Despierto preocupada y voy al trabajo sintiendo que no vale la pena salir de casa.

Por la tarde bebo una taza de té, religiosamente con bizcochos y lecturas. Me gusta hacerme la interesante así que abro la ventana, pongo a Beethoven y subo el volumen para que mis vecinos crean que soy un ser intelectual. Entonces pienso en todo lo que dejo ir comprendiendo que el autosabotaje me sale mejor que los cuentos.

El equinoccio pasa de largo, ignoro que existe la estación de las flores, porque nunca fui fan de ellas, ni ellas de mí. Las plantas han perecido con mi tacto invernal y no fue molesto, pero ahora lo es. No sé en qué momento se acaba el frío e inicia la primavera, porque cuando pienso en ella el verano ya está por llegar. Y ni hablar de despedirse o saludar.

Tardé la vida para entender que las mañanas más lindas, las de cielos nublados y vientos frescos no me pertenecen.

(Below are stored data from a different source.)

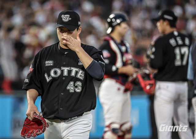 롯데 자이언츠 선발 나균안이 지난 25일 KIA 타이거즈와 시즌 9차전에서 1과 3분의 2이닝 8실점 한 뒤 강판되고 있다. 롯데 자이언츠 제공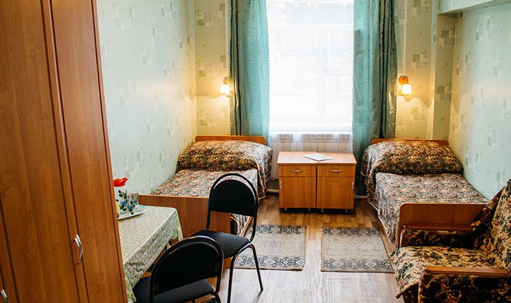 Оснащение номера: две односпальные кровати, прикроватные тумбочки, стол, стулья, кресло, шкаф для одежды, зеркало, телевизор, утюг, электрочайник, холодильник ( в холле)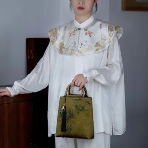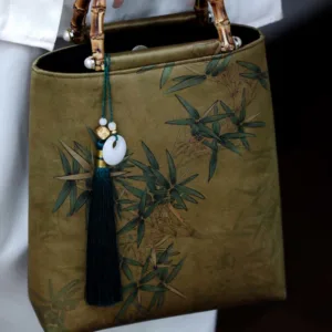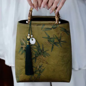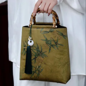 Yellow Green Bamboo Leaves handbag features elegant bamboo leaf patterns and unique bamboo handles. This stylish handbag blends natural beauty with practical design. making it perfect for both everyday use and special occasions. The combination of yellow and green hues with bamboo accents adds a touch of nature-inspired charm. enhancing your attire with its sophisticated appeal.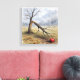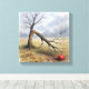 In a foggy landscape, a bare tree stands with a fallen branch on the ground, while a single red apple nearby adds a pop of color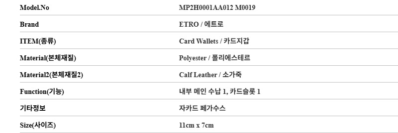 * 상품 옵션(사이즈) : 모델명:MP2H0001AA012 M0019 *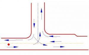 主要公路為二級(jí)公路的T形交叉,當(dāng)直行交通量不大,而與次要公路間的轉(zhuǎn)彎交通量占相當(dāng)比例。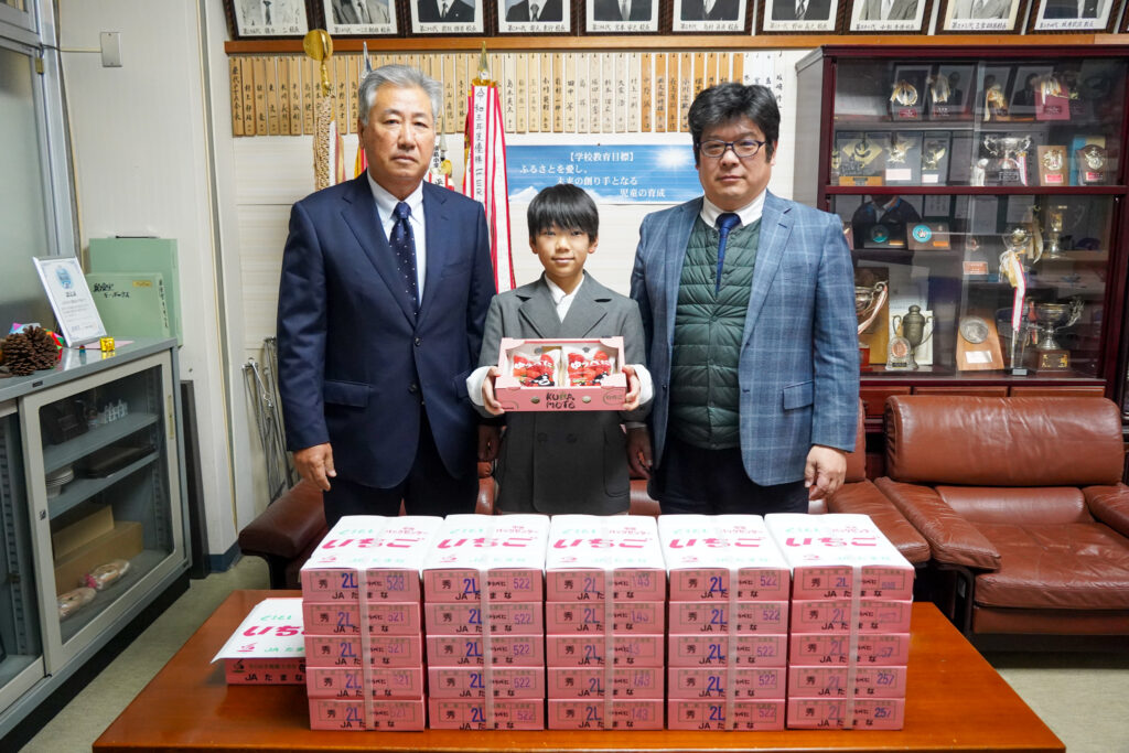 2月5日、イチゴの贈呈式を玉名市立横島小学校で開き、JA園芸部連絡協議会イチゴ専門部の宮尾太部長が「丹精込めて作ったイチゴを食べてほしい」と手渡しました。受け取った児童代表の園田煌太さんは「玉名で取れる甘くておいしいイチゴが大好き。給食で食べるのが楽しみ」と感謝を述べました。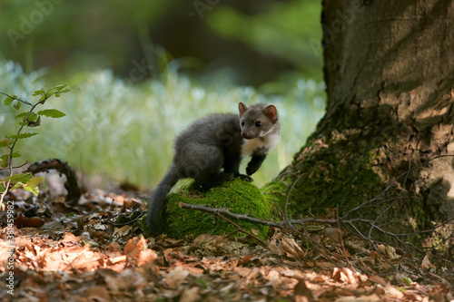 Close up, Stone Marten, Martes foina, juvenile tiny predator of spruce forest, climbing at old tree. Animal in captivity. Close up photo, blurred nature background. European forest, Czech republic.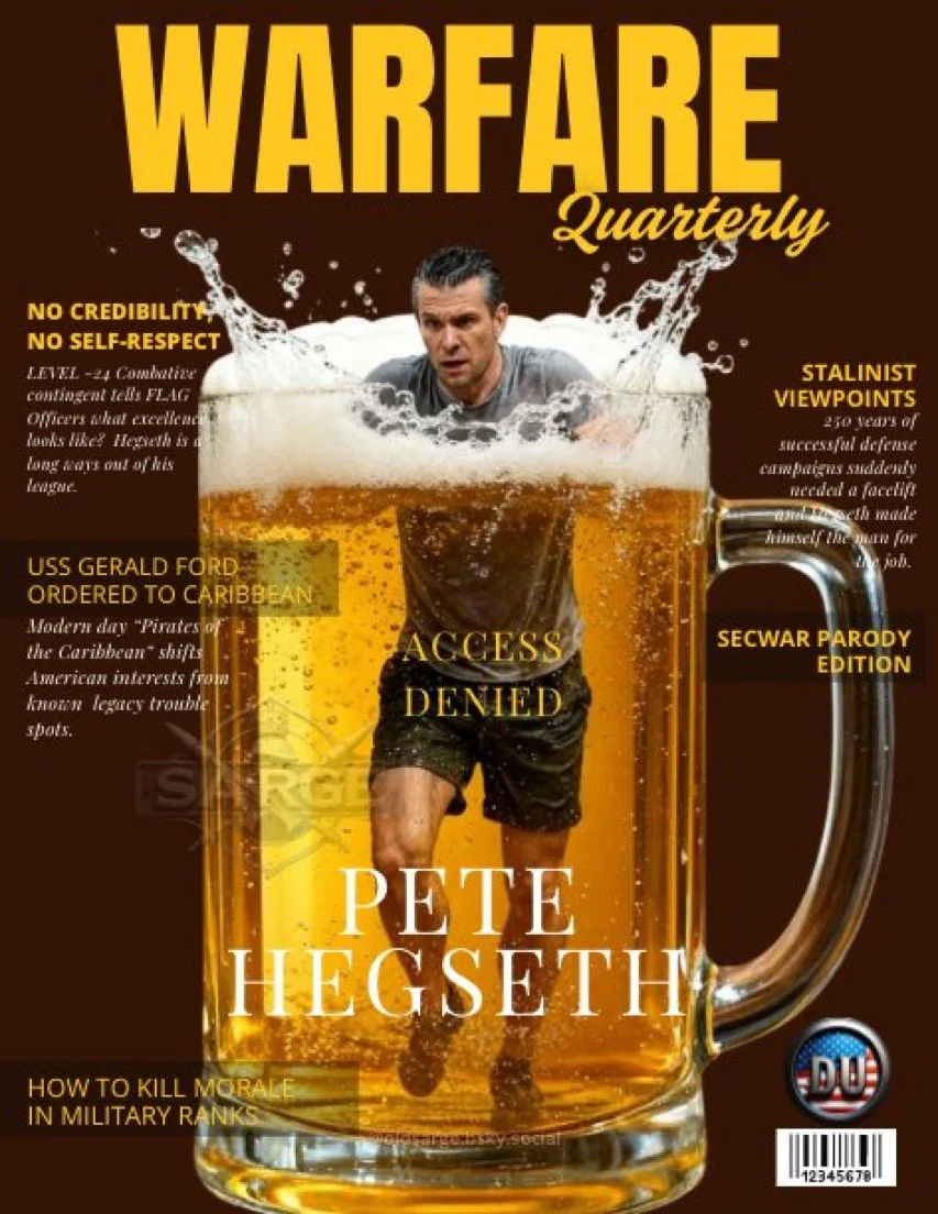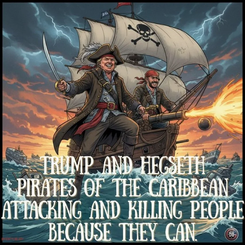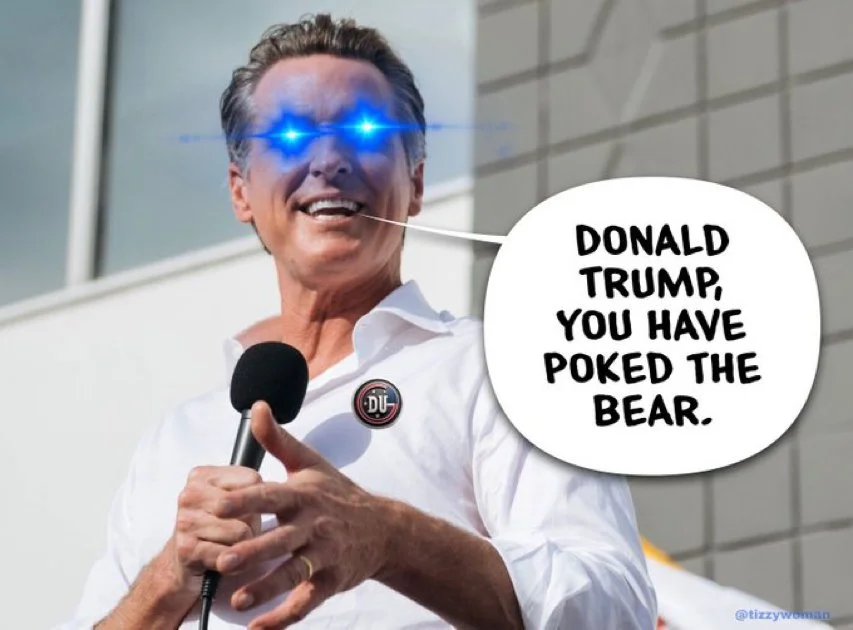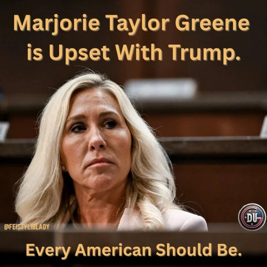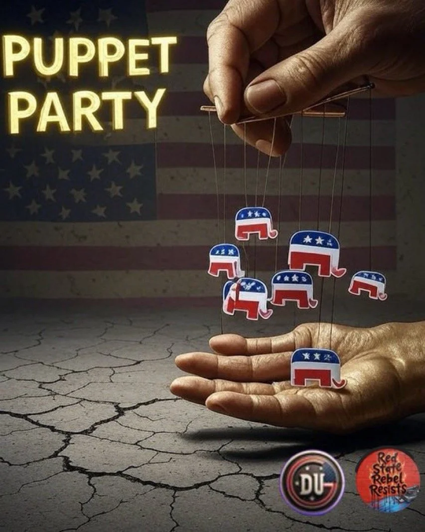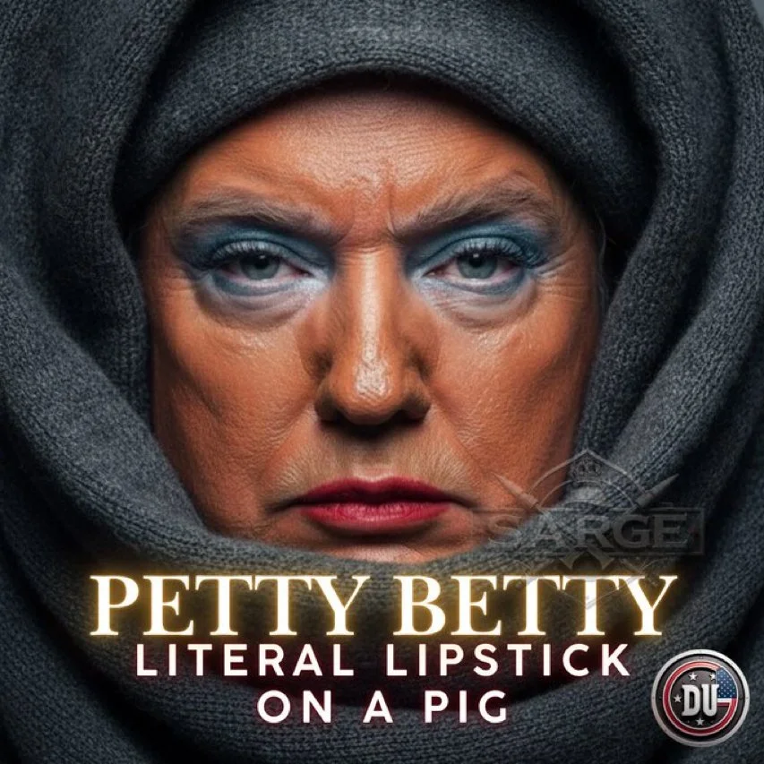 A caricature of Donald Trump with exaggerated facial features, holding a document titled 'Big Beautiful Bill.' The background includes American flags and a warm fire.

A excepción de hoy y de ayer, porque descubrí que la primavera es tan mía como la mano que me escribe poemas.

He pasado días soñando que escribo, anhelando que me inspiro y que mis dedos empiezan por fin a teclear. De aquí sale un relato en el que entre líneas digo que mi amor ha sido un vaivén y confieso que desde el día uno dejé la puerta abierta, y en el jardín donde mis gatos juegan y tu tocas la guitarra las flores no logran marchitarse.